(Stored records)
------------
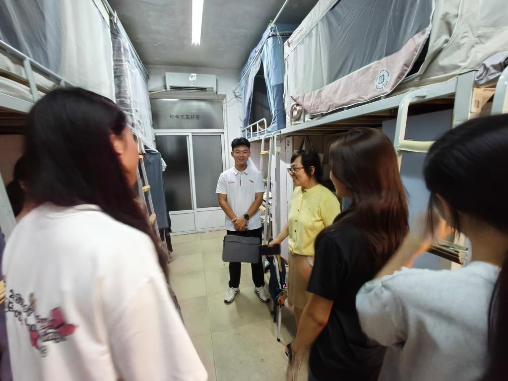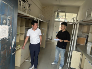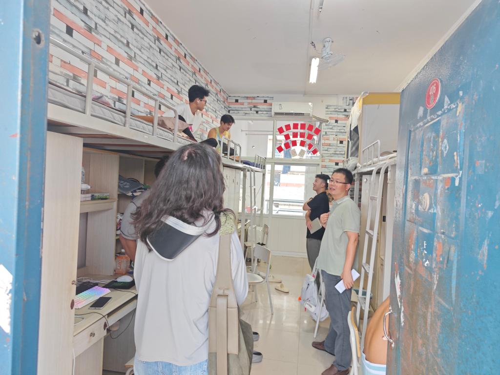 为给新生打造安全、舒适的居住环境,学院提前开展新生宿舍排查工作。工作人员逐一检查宿舍的门窗、水电、床铺、桌椅等设施,对发现的问题及时维修更换,学院书记朱昌富、经理黄兆媛和副经理李进华分别带领辅导员进行实地视察,逐一确认整改情况,力求为新生营造整洁、安心的生活环境,保障其生活质量。
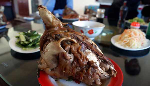 3.吃羊頭的關鍵還得配一個關鍵性的蘸汁,石臼裡面加入脫皮的大蒜加點鹽,搗成碎泥,加點涼白開、生抽,山西老陳醋,充分攪勻,蘸料做好,配上羊頭一起上桌,蘸著吃特別美味。
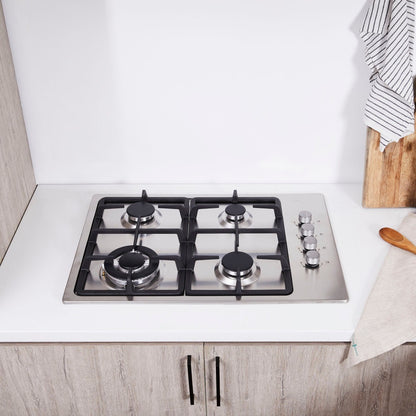 • Características Especiales Encimera de acero inoxidable, parrillas de hierro fundido que son fáciles de limpiar y evitan la acumulación de residuos y agua en los quemadores, lo que facilita el mantenimiento de la encimera, 4 focos de cocción
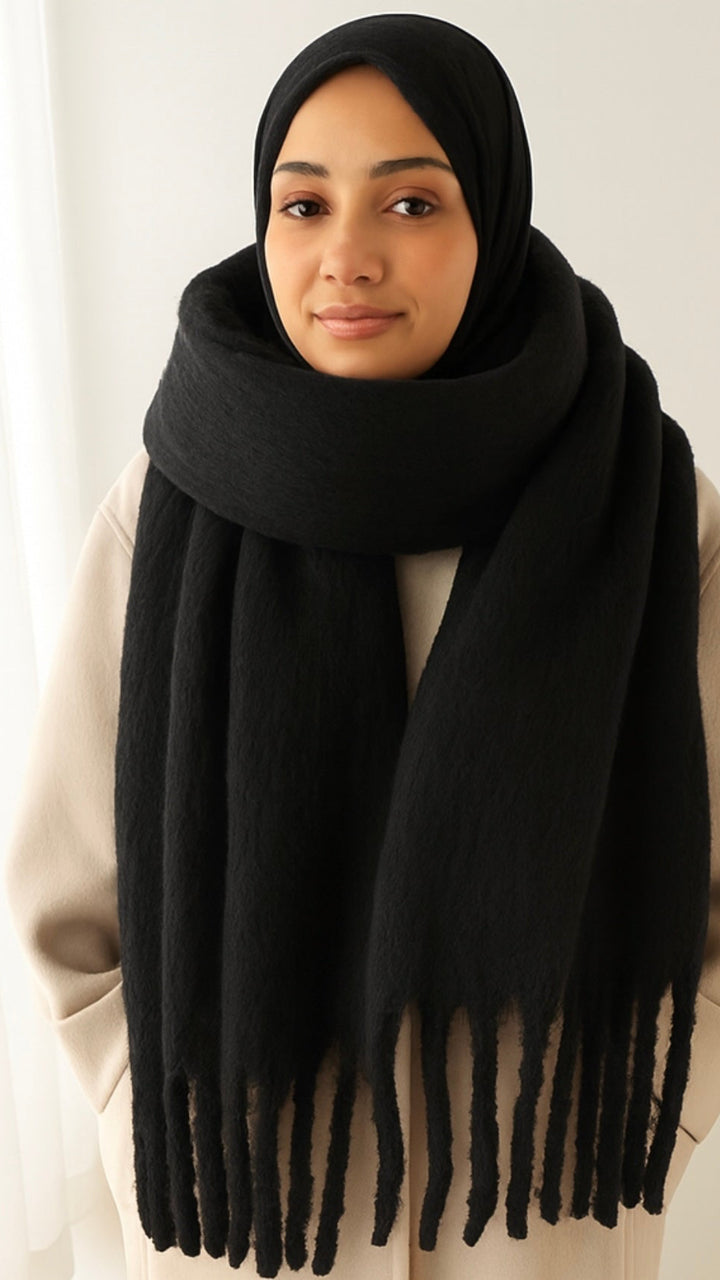 Enveloppez-vous de douceur avec cette magnifique écharpe à franges.
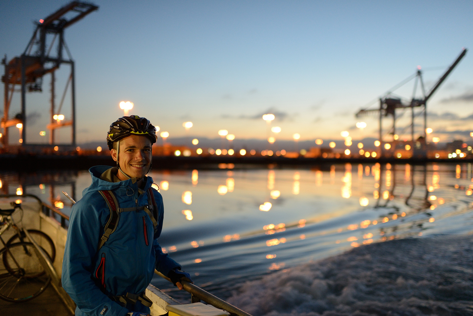 of sand into our bikes). Sunlight shining down on us as we rolled back across the Embarcadero. John (our fearless and tireless guide
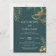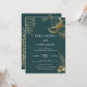 Modern wedding ceremony invitation cards for your special occasion! Featuring golden flowers with small leaves decorates the border of your wedding card and gold polygonal geometric design frames your wedding celebration details in a rich green background. Customise your wedding details, date, venue and more at the front. Designed to coordinate with our Gold Blooming | Modern wedding and event invitation collection.
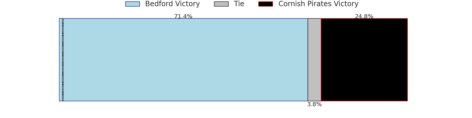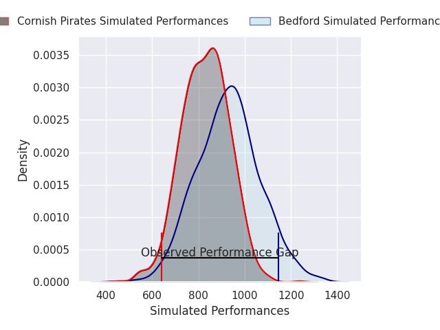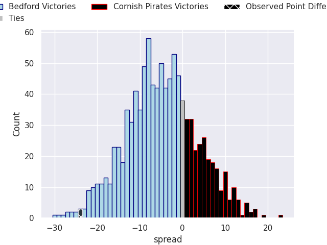 Now that the game has been played, lets see how the club predictions did. I predicted Bedford to win by 5.62, and Bedford won by 24.0. That’s an absolute error of 18.4 for the margin of victory, while my average absolute error has been 13.5 over the past six months. This prediction was more accurate than 26.0% of my recent predictions.
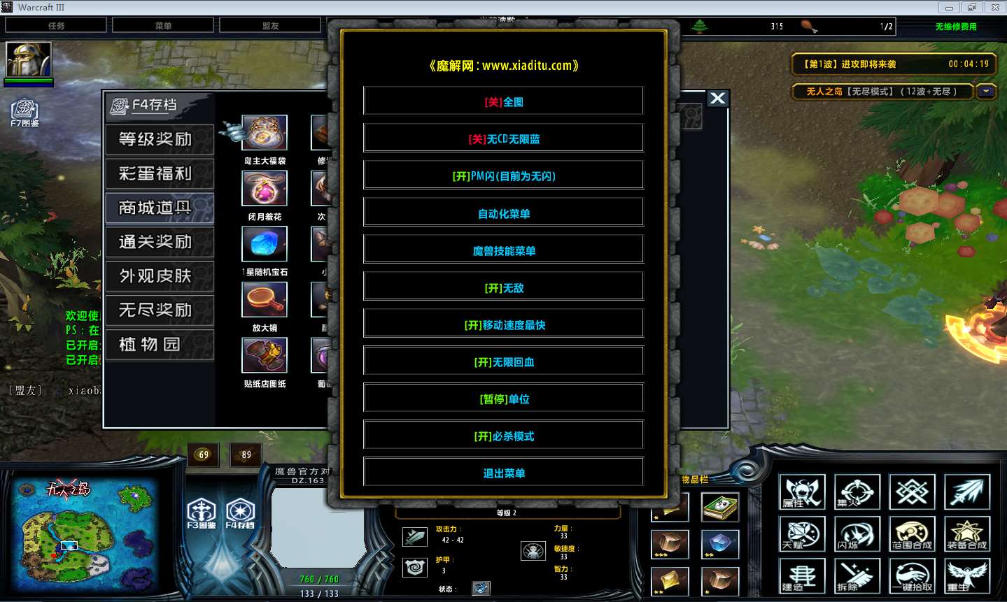 | 技能菜单【光环类技能】 | 自动化菜单【自动加钱木,提升英雄三围】 |
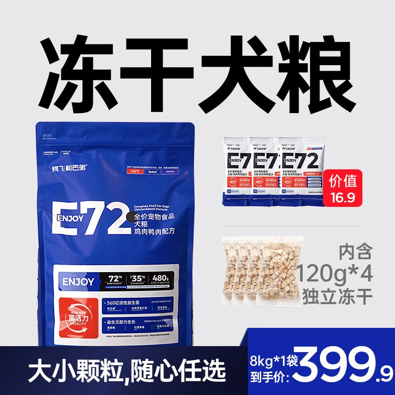 阿飞和巴弟【老爸抽检】E72全价冻干狗粮无谷大中小型犬成犬幼犬通用狗粮 【中大型犬】1袋装8kg送180g
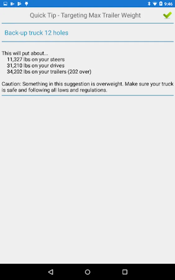 Last, if every axle can't be legal at the same time, the app automatically suggests a hole where your trailers will be just under their limit, and puts the rest of the weight on your drives. That way you can remove the extra fuel and get legal before a DOT Scale.
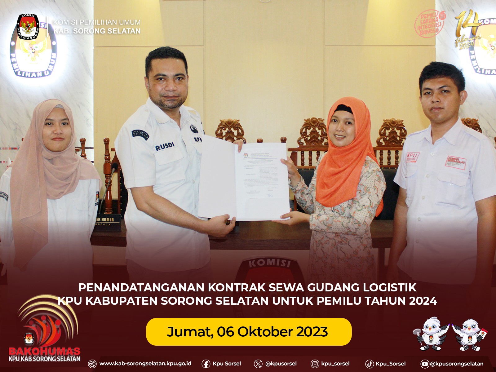 #Temanpemilih, Kamis(05/10/2023) KPU Kab. Sorong Selatan telah melakukan penandatanganan perjanjian kontrak sewa tanah dan bangunan untuk dijadikan Gudang tempat penyimpanan logistik pemilihan serentak tahun 2024.
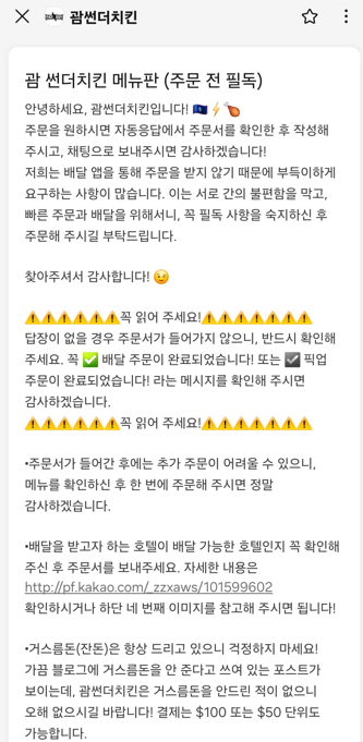 ✅ 괌 썬더치킨 배달시 꼭 알아야 할 주의사항
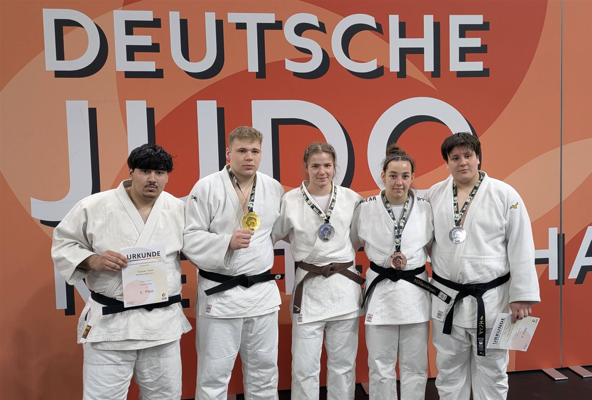 Felix Düring (Budokan Lübeck, bis 60 kg) verlor relativ schnell gegen den späteren Deutschen Meister Cabecana (NW), in der Trostrunde gelangen ihm zwei Siege gegen Volkel (TH) und Skakalin (BY) ehe er dann gegen Burmann (HE) aus dem Turnier ausschied.
------------
▶ **Exercise prompt**
Copy nothing but the lines above from the one with "技能菜单【光环类技能】 | 自动化菜单【自动加钱木,提升英雄三围】 |" to the one with "꼭 알아야 할 주의사항", inclusive, word for word. Leave every picture out.

▶ **Expected answer**
 | 技能菜单【光环类技能】 | 自动化菜单【自动加钱木,提升英雄三围】 |
 阿飞和巴弟【老爸抽检】E72全价冻干狗粮无谷大中小型犬成犬幼犬通用狗粮 【中大型犬】1袋装8kg送180g
 Last, if every axle can't be legal at the same time, the app automatically suggests a hole where your trailers will be just under their limit, and puts the rest of the weight on your drives. That way you can remove the extra fuel and get legal before a DOT Scale.
 #Temanpemilih, Kamis(05/10/2023) KPU Kab. Sorong Selatan telah melakukan penandatanganan perjanjian kontrak sewa tanah dan bangunan untuk dijadikan Gudang tempat penyimpanan logistik pemilihan serentak tahun 2024.
 ✅ 괌 썬더치킨 배달시 꼭 알아야 할 주의사항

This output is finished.